:: WORK REQUIRED ::
When you copy from the entries that follow, take only the lines from the one with "火箭签下亚当斯,就是在更衣室" down to the one with "あちゃ~傘を持ってきてない。", keeping both ends and dropping every picture.

:: EXERCISE INPUTS ::
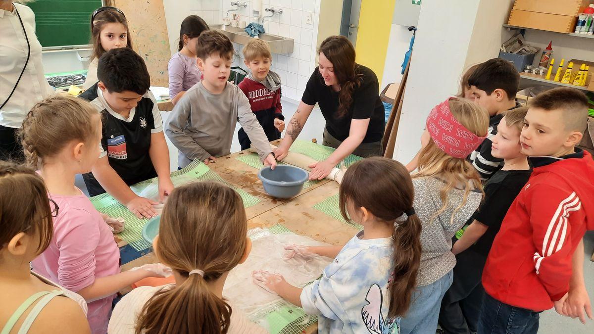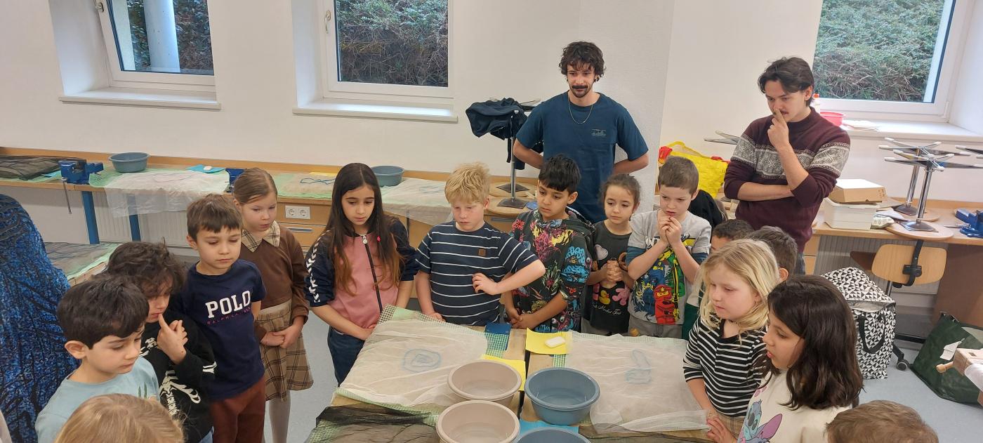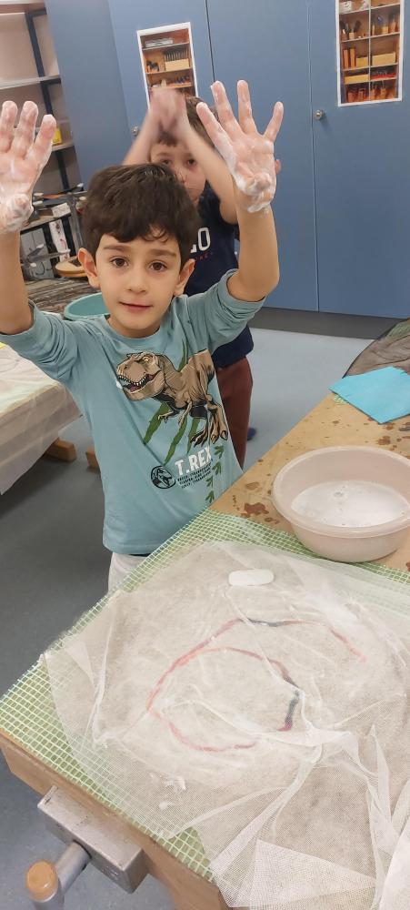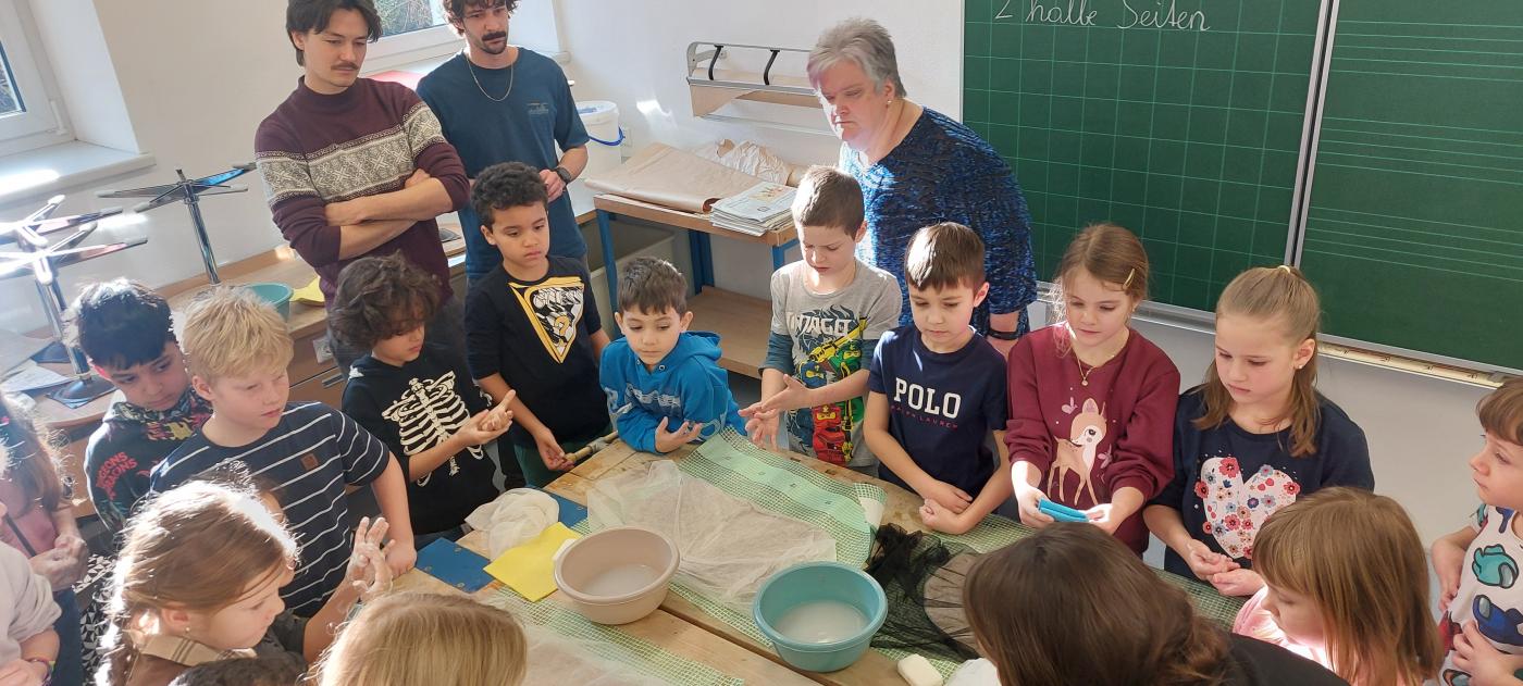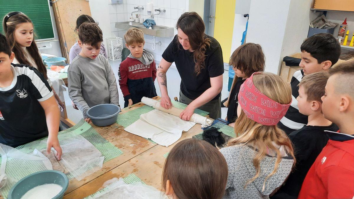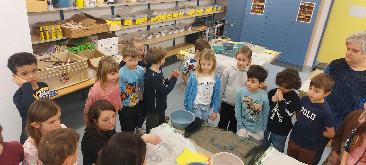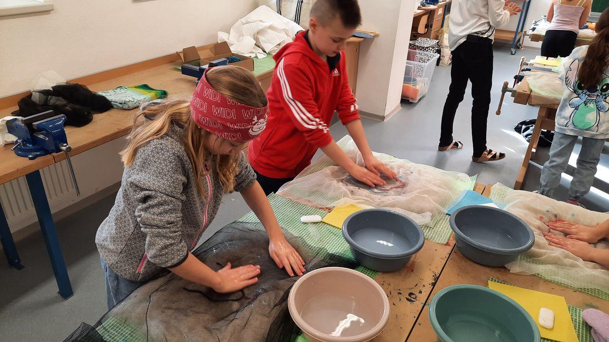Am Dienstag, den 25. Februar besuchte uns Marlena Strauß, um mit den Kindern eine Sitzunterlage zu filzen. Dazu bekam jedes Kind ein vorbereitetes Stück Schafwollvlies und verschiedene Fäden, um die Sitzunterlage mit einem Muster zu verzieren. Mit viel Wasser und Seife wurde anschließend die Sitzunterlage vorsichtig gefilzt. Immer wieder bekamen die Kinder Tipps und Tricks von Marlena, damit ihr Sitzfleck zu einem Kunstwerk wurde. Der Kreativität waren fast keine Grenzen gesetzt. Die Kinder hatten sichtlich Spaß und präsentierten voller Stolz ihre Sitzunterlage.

---

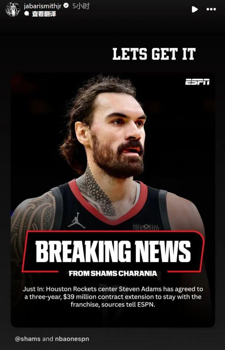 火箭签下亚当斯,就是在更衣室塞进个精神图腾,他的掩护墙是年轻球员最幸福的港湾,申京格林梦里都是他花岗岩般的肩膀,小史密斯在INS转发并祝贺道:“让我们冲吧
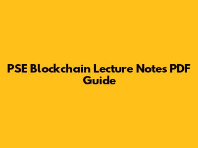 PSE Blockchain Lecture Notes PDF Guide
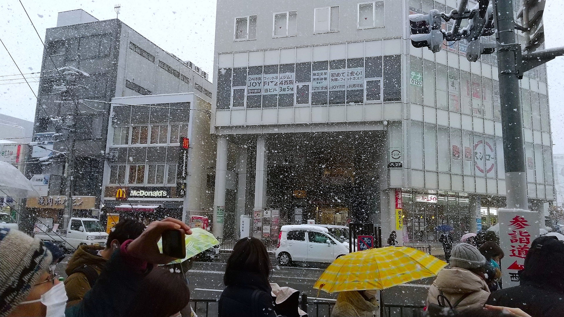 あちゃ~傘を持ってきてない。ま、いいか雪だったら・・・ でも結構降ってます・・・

---

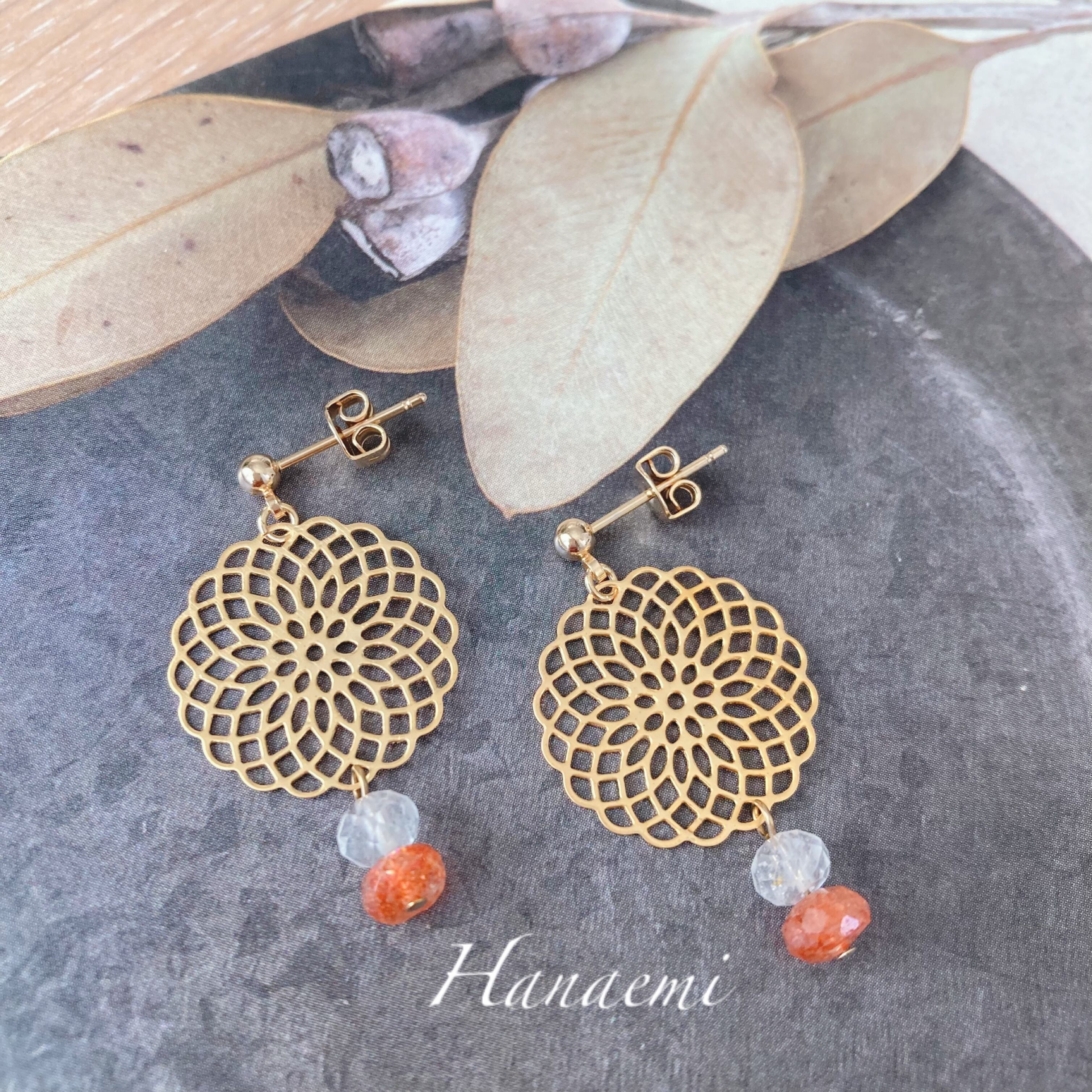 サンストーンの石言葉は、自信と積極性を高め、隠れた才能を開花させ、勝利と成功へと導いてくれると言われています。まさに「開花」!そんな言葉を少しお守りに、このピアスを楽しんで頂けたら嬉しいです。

:: SOLUTION TO THIS PROBLEM ::
 火箭签下亚当斯,就是在更衣室塞进个精神图腾,他的掩护墙是年轻球员最幸福的港湾,申京格林梦里都是他花岗岩般的肩膀,小史密斯在INS转发并祝贺道:“让我们冲吧
 PSE Blockchain Lecture Notes PDF Guide
 あちゃ~傘を持ってきてない。ま、いいか雪だったら・・・ でも結構降ってます・・・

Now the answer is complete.